Transgene signs an agreement with Ventana Medical Systems, Inc. to develop a companion diagnostic test for Transgene's TG4010




Parc d’Innovation d’Illkirch, France, September 29, 2010 – Transgene (Euronext Paris: FR0005175080) and Ventana Medical Systems, Inc. today announced that they have entered into a collaboration agreement for the development of an immunohistochemistry (IHC) assay, as a companion diagnostic test for TG4010, Transgene’s immunotherapy product.

TG4010 is about to enter into a Phase IIb/III clinical trial in advanced non-small cell lung cancer (NSCLC) patients with tumor cells expressing the MUC1 protein. A MUC1 IHC assay will initially be developed by Ventana to identify MUC1 positive tumor cells, as a diagnostic test for selecting patients to be enrolled in the upcoming Phase IIb/III trial.

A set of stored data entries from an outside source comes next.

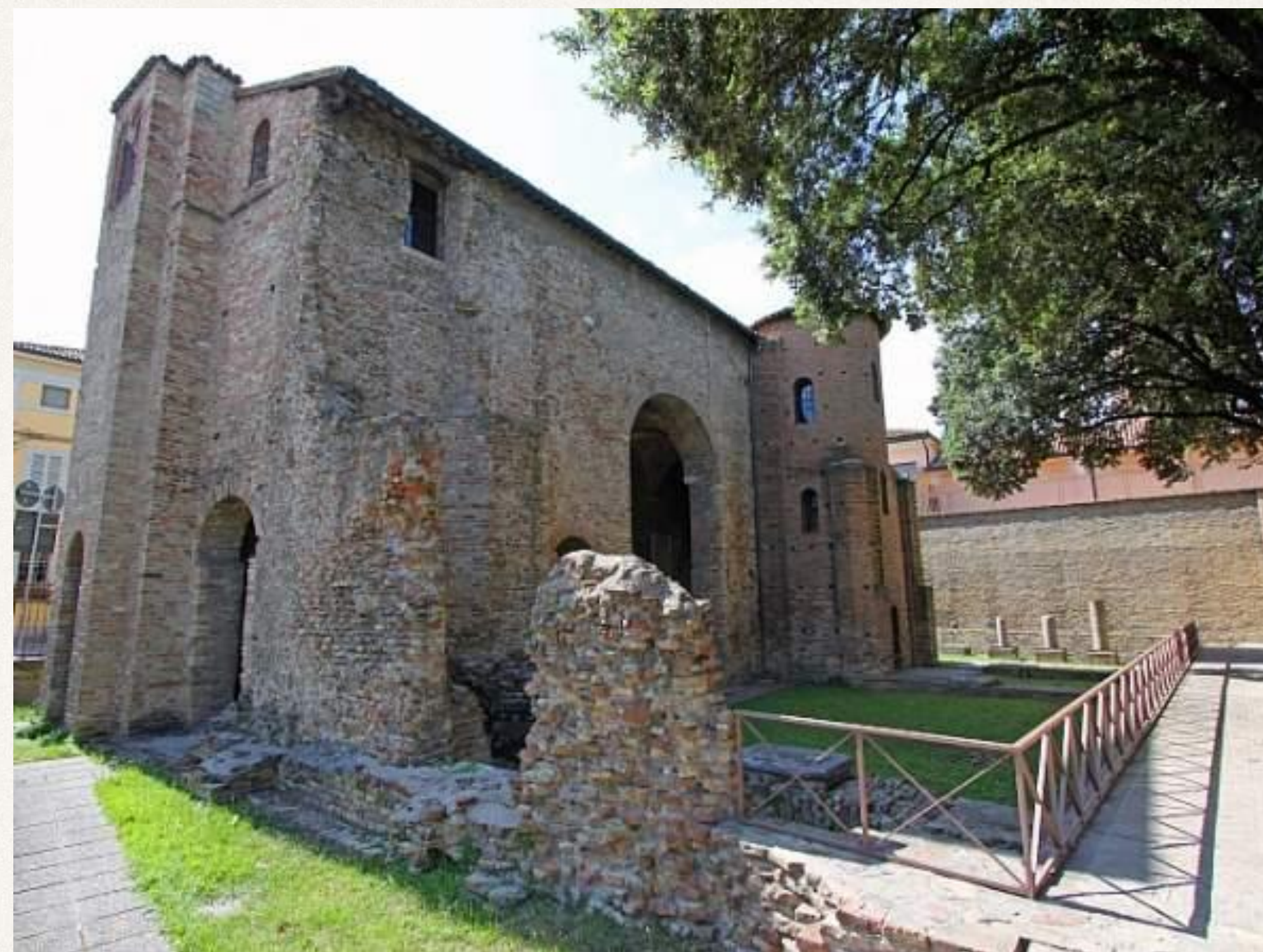
Дворец Теодориха Великого в Равенне. Современные фотографии
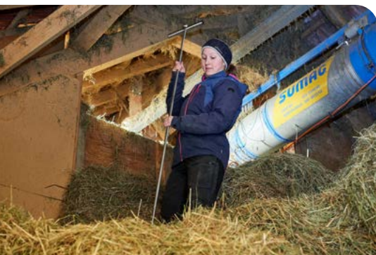
Regelmässige Überwachung der Temperatur mit einer langen Heumesssonde an mehreren Messpunkten bis zum Abschluss der Gärung.
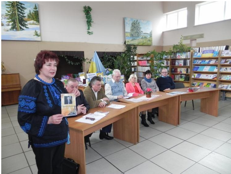
2017 р. День поезії. Презентація колективної збірки «Енциклопедія сучасної літератури»
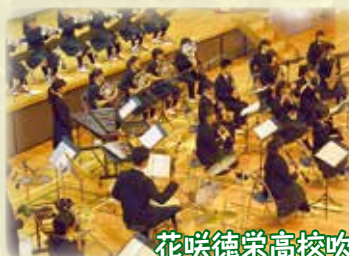
花咲徳栄高校吹奏楽部による演奏
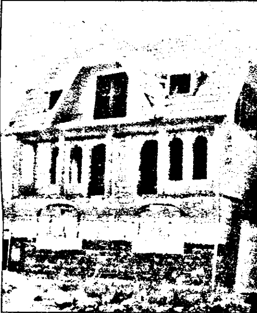
În orașul Nădlac s-au eliberat zeci de autorizații pentru construcții de locuințe. Se construiește deci mult, dar și frumos, opinăm noi.

Ca peste tot, nici la Nădlac nu s-au împărțit titlurile de proprietate. S-au primit în jur de 1700 și actualmente se lucrează la fișele premergătoare acestora. În total, se vor împărți un număr de 4200 de titluri.

In the event of successful completion of TG4010’s clinical development, a New Drug Application (NDA) will be submitted by Transgene or its licensee, and Ventana will submit in parallel the companion MUC1 IHC test for Pre-market Approval (PMA) in the United States as a class III in vitro diagnostic device, a classification under the FDA regulation for companion diagnostic tests used for screening patients’ eligibility for drugs. If regulatory approvals are granted, the MUC1 companion diagnostic IHC test will serve as a tool for physicians to identify patients who can be treated with TG4010.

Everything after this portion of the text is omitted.